The U.S. Supreme Court knows something of that. In his 2010 state of the union,Barack Obama scolded the justices who voted for the majority in Citizens United, and progressives badgered them relentlessly. Two years later Chief Justice John Roberts ruled in favor of ObamaCare.

At issue in Argentina is a 2009 law designed to expand state-controlled media and rein in privately owned outlets. Among other things, it would force the Clarin Group, the country's most important independent television voice, to sell a substantial part of its cable network. Divestiture would deprive Clarin of its main source of revenue.

The company also owns a newspaper and an all-news broadcast station. Its decline would mean the elimination of important sources of information about the government that are otherwise not available.
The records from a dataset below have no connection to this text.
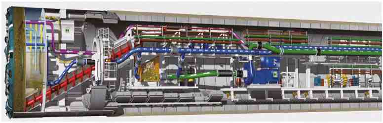 Комбинированная машина для проходки туннелей с использованием жидкой глинистой воды / ТВМ может использоваться как в режиме баланса жидкой глинистой воды, так и в режиме однощитовой ТВМ, в которой щит выгружает глинистую воду через грязевую трубу на ленточный конвейер. Комбинированная машина для проходки туннелей с использованием жидкой глинистой воды / ТВМ показана на рис. 1-32, которая использовалась при строительстве туннеля через озеро Лост в Неваде и туннеля Хернандес в США.
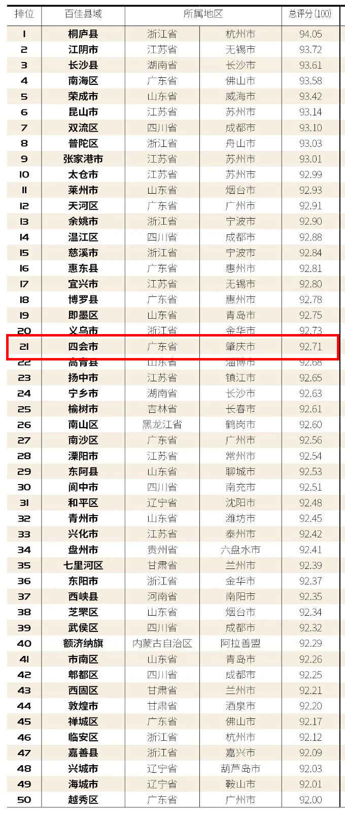 在2020年9月发布的“2020中国最具幸福感百佳县市”榜单中,四会在全国排名21!
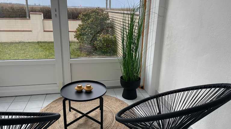 Juna ist eine Unterkunft, die durch ihren Gartenblick besticht und sich direkt am Strand befindet. Die Ferienwohnung bietet Zugang zu kostenlosem WLAN und einem privaten Parkplatz für Gäste.
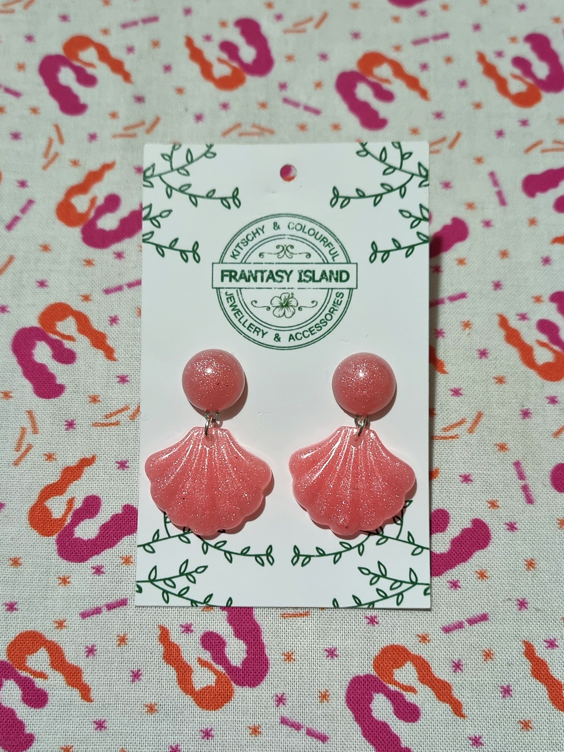 These glossy pink baroque shell earrings have a classic retro shape, with soft shimmering pigments set in a candy pink resin - Perfect for any occasion.
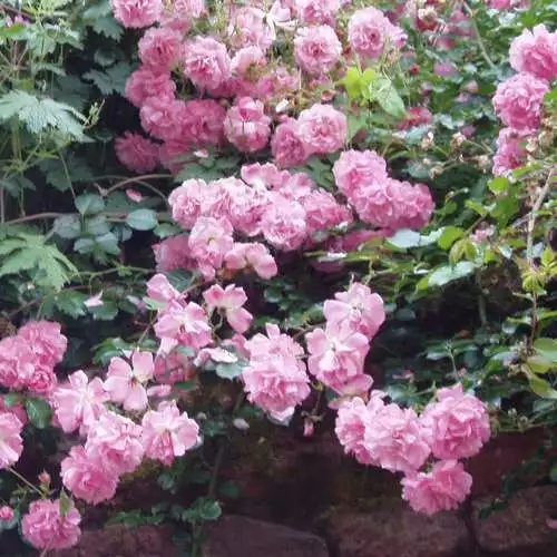 A floriferous, ground-cover rose, Rosa Pheasant is a rather thorny, deciduous ground-cover rose with a low, creeping, spreading habit, ideal for planting on a bank or other awkward site where weeding is difficult. The abundant, divided foliage has finely toothed, ovate, glossy, mid-green, leaflets. In midsummer, the plant bears clusters of lightly fragrant, semi-double, cup-shaped, long-lasting, clear rose-pink flowers with prominent yellow stamens; there is some repeat-flowering over the summer. Ground-cover rose Pheasant is a robust, healthy rose, with excellent disease-resistance.
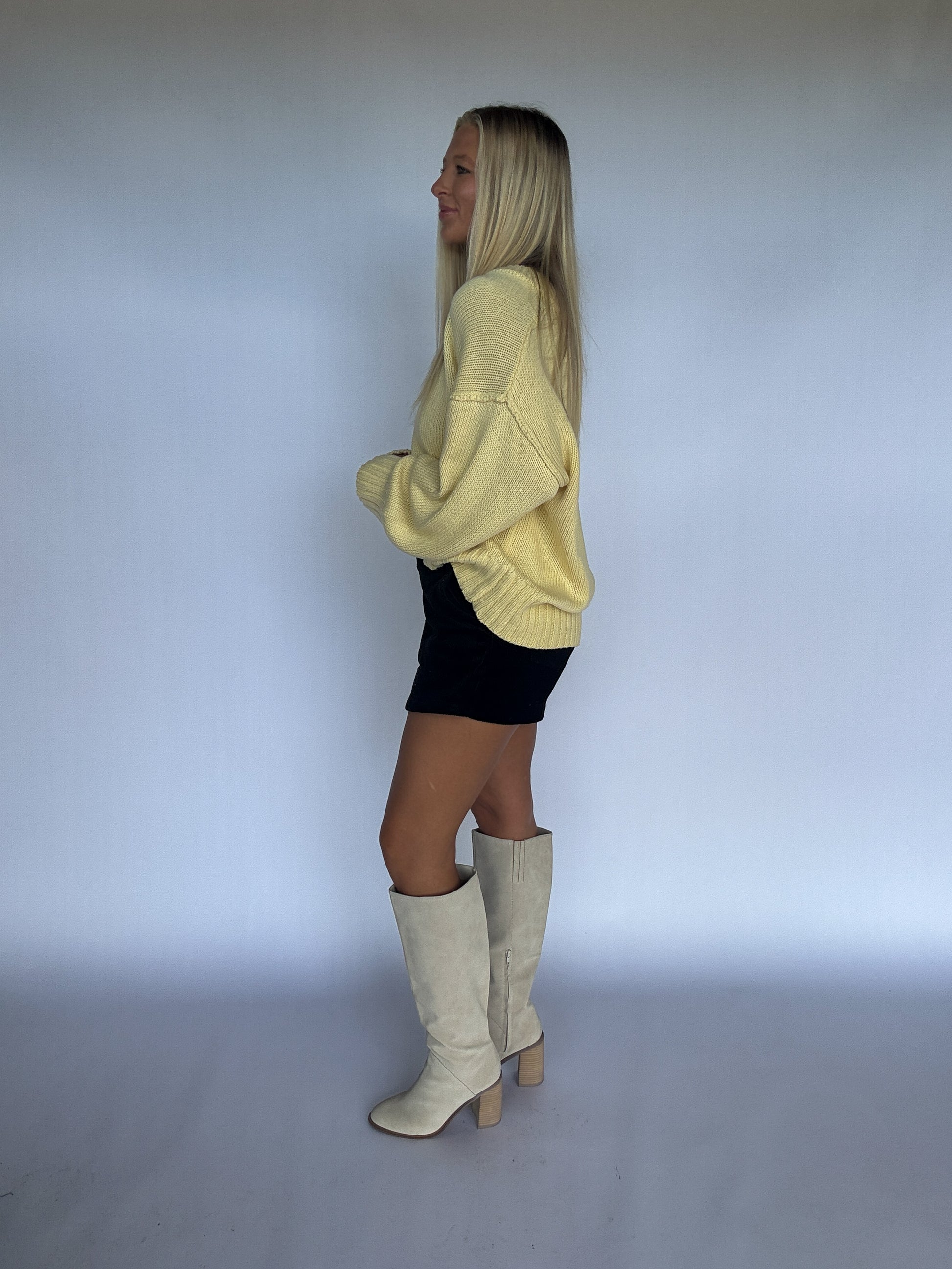 Embrace cozy elegance this fall and winter with the Duke Sweater in Lemon. Its warm, vibrant hue adds a fresh touch to seasonal wardrobes, while the smooth knit fabric offers comfort and insulation against the chill. Designed for both style and practicality, this sweater pairs effortlessly with layers or stands out on its own, making it a versatile staple for cooler months.
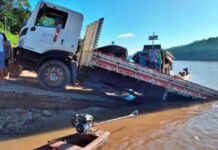 Caminhão escorrega em rampa e cai dentro do Rio Juruá
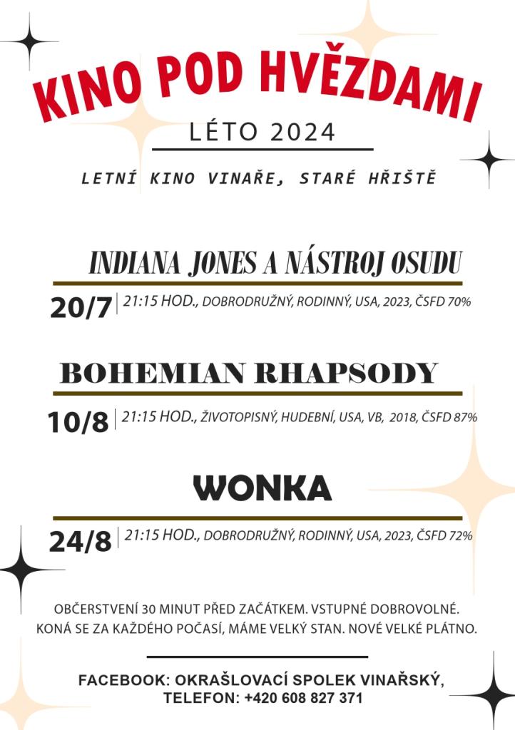 Okrašlovací spolek Vinařský zve na promítání letního kina, které se nachází na starém hřišti ve Vinařích. Koná se za každého počasí.
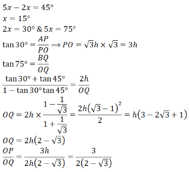 The ratio of heights of two towers stand at P and Q respectively is √3:2. The angle of elevation of a point O in the line joining P and Q to the top of bigger tower to that of smaller tower is 5:2. If difference between the elevations is 45°, the ratio of the distances of O from P to Q is:
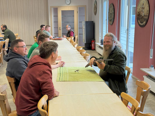 Andreas Greger führte mit seinem Team die Sicherheitsbelehrung durch und stellte den Kursteilnehmern alle Prüfungswaffen vor, die diese über den gesamten Kurs hinweg begleiten werden.
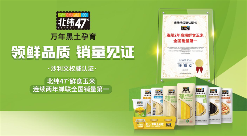 由于北纬47度种植的土地是有机土壤,决定了北纬47°玉米的营养高价值。与此同时,北纬47°以鲜食玉米为代表的产品,坚持保留玉米本身的新鲜风味,蛋白质含量则比普通玉米提升3%至6%。“每日一根北纬47°玉米,保持膳食营养均衡”,品牌旗下推出的鲜食玉米品类丰富,包含有机水果玉米、低GI水果玉米、有机白甜糯玉米、黑珍珠甜糯玉米等多种优质产品,以及低GI水果玉米粒等创新型、深加工玉米制品。其主打的鲜糯玉米、鲜甜玉米、东北香米等明星产品,适配都市多样化人群,长期霸屏消费者推荐榜单;北纬47°低GI水果玉米系列作为低GI检测证书的鲜食玉米产品,低脂轻卡轻负担,更适合老人、小孩、减肥健身及高血糖人群。
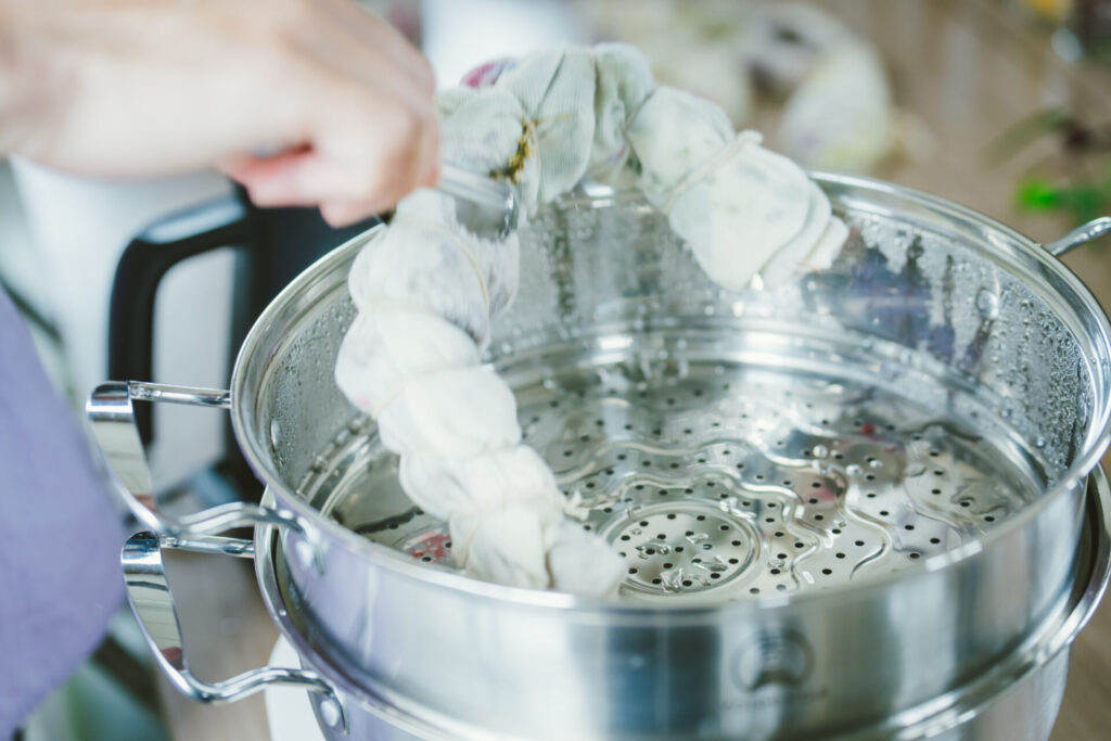 ここからは、布に色を染めていく時間です。クロスや枕カバーなどから染めたいものを選びます。
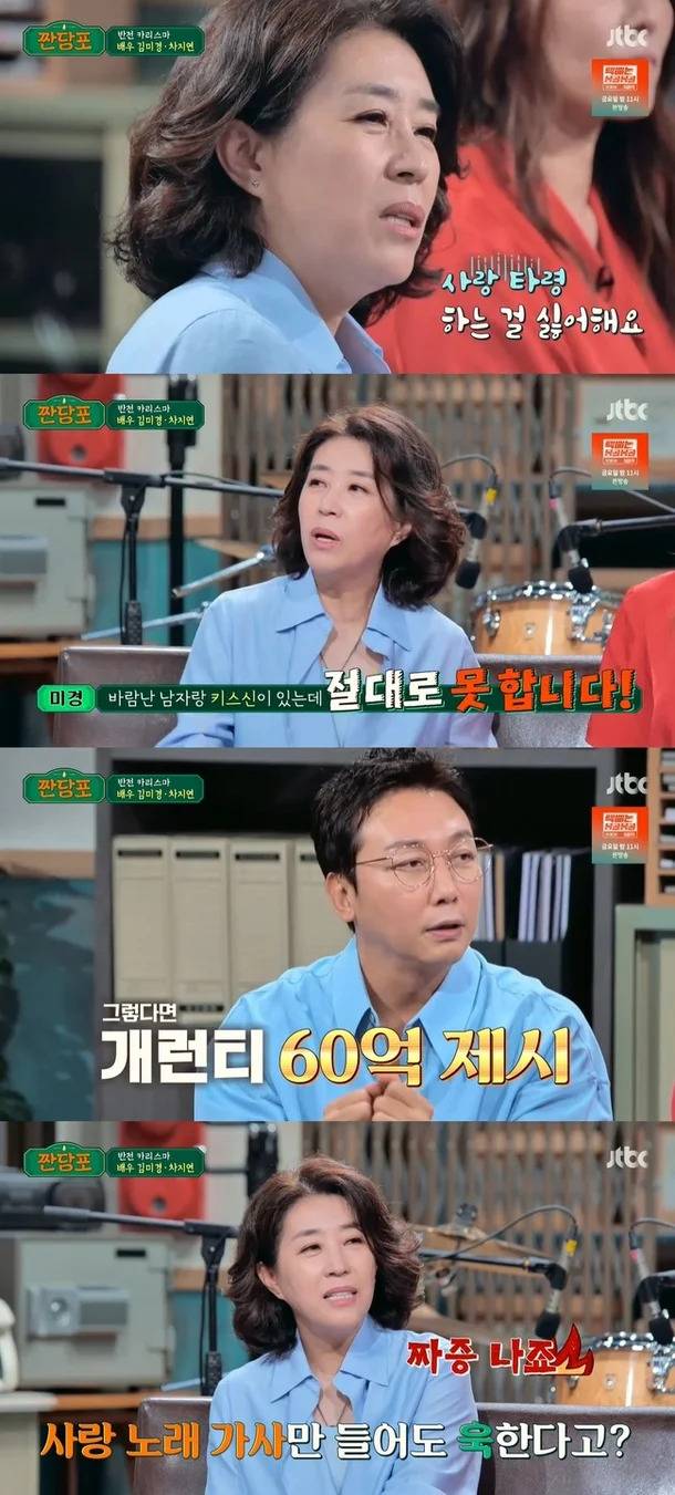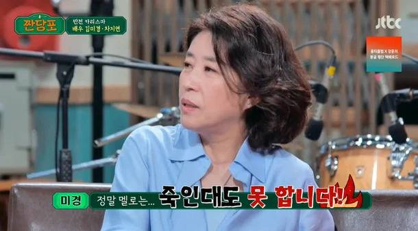 중년의 로맨스를 다룬 영화 이야기가 나오자 김미경은 멜로는 보기만 멋있을 뿐 직접 연기하는 건 무리라고 잘라 말했다.
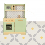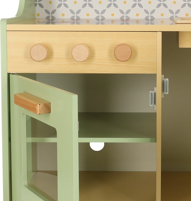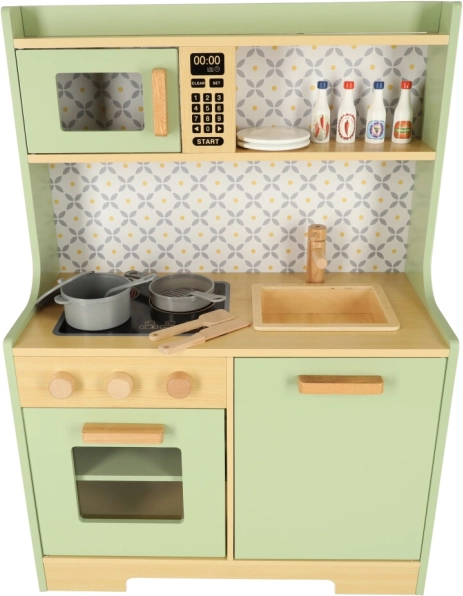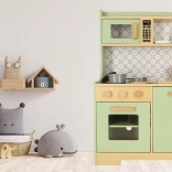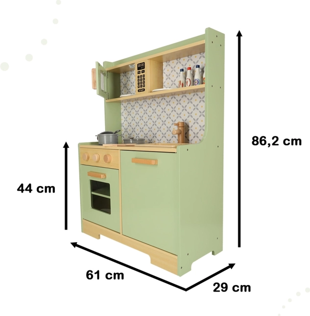 Lad børn imitere forældrene i et sikkert miljø med det mintgrønne træbørnekøkken. Det indeholder alle nødvendige elementer som ovn, mikrobølgeovn, bevægeligt komfur og vask, der udsender realistiske lyde for at gøre madlavningssimuleringen så autentisk som muligt.
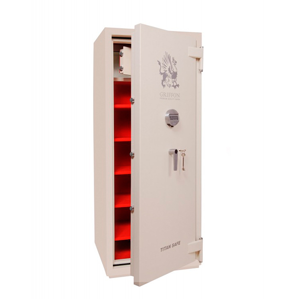 Корпус сейфа заполнен специальным огнестойким керамзитным бетоном. Он состоит из цемента, керамзита (гравий, щебень, глина) и стальной сетки Ø 6 мм для армирования. Однако он относится к легким бетонам, а его масса превышает другие виды бетона в два раза. Материал обладает сверхвысокой прочностью, стойкостью и хорошими теплоизоляционными свойствами. Толщина защитного слоя составляет 40 мм. Закрывается ключевым сейфовым замком STUV и электронным кодовым замком M-LOCKS, что создаст существенную преграду для злоумышленника. Запирание осуществляется ригельной системой трехстороннего действия. Толстые вращающиеся ригеля диаметром 25 мм обеспечат практическую защиту от возможности их перепиливания. Дополнительно со стороны петель имеются антисрезы. В кремовом цвете сейф отлично дополнит любое современное помещение в темных тонах и не будет выделяться.

An Argentine court has ruled that key articles in the 2009 media law—including the forced divestiture of Clarin's cable assets and the canceling of licenses without compensation—are unconstitutional.

The government's appeal is pending, with heavy speculation that Justice Lorenzetti will cast the deciding vote. In recent weeks Mrs. Kirchner and her vice president, Amado Boudou, have pressured the court, by way of public statements, for a favorable decision before the Oct. 27 midterm elections. Reportedly, private messages from high government officials have also been delivered to the justices. In June, Justice Lorenzetti alleged that his family was the target of tax investigations in order to influence his decision.

The Kirchner family's fiddling with the court is familiar. In the early years of Néstor Kirchner's presidency, (2003-07), the government forced the resignation of a majority of justices on the nine-member Supreme Court by publicly accusing them of ties to the unpopular former president Carlos Menem. Mobs sympathetic to the Kirchners harassed and intimidated them in the streets.

Some of the vacated seats were filled by pro-Kirchner appointees. Two were left vacant. In 2006, the Kirchner-controlled Congress passed a law to reduce the number of justices, through attrition, to five. If all goes according to plan, when older members of the court retire, the kirchneristas will control the majority.

Until then, la presidenta has to make do. That's not so easy. Election polling suggests that her party, the Front for Victory, is in for a drubbing in two weeks. The economy is swooning, annual inflation is 30%, and even in traditional strongholds there is Kirchner fatigue.

But the media-law controversy could help. Some observers believe that a favorable, pre-election day ruling would demonstrate that Mrs. Kirchner still wields the kind ofcaudillo power her husband enjoyed. That might narrow the margin of defeat and allow her to cobble together a coalition. Her dream of changing the electoral law so that she could run for a third term would still be possible.

The added bonus would be the end of the pesky fourth estate, which harms her image by reporting on corruption, crime and the economy. It revealed that government surrogates were slandering the Argentine Pope Francis because he had been a critic.

Mrs. Kirchner says Clarin has too much power in television. But she has much more. State-owned television, traditionally neutral, has been converted into a government-propaganda vehicle. All soccer and race-car broadcasts have been nationalized so that viewers can be saturated with pro-government messages.

In Buenos Aires three of the four privately held broadcast channels are owned by companies with ties to the government and depend on some government advertising. They are under pressure to censor their coverage. In print media only a handful of leading opposition newspapers remain—including La Nación, which publishes some content from the Journal.

Argentine patriots have not given up. Seven prominent journalists have filed complaints with the Inter-American Human Rights Commission, alleging state harassment, intimidation and slander. An Argentine federal judge is leading a criminal investigation of Secretary of Commerce Guillermo Moreno for allegedly instructing the advertising departments of companies to boycott newspapers that are not pro-government.

"It is seldom that liberty of any kind is lost all at once," the 18th century Scottish philosopher David Hume wrote. "Slavery has so frightful an aspect to men accustomed to freedom that it must steal in upon them by degrees and must disguise itself in a thousand shapes in order to be received." The media law is one such disguise.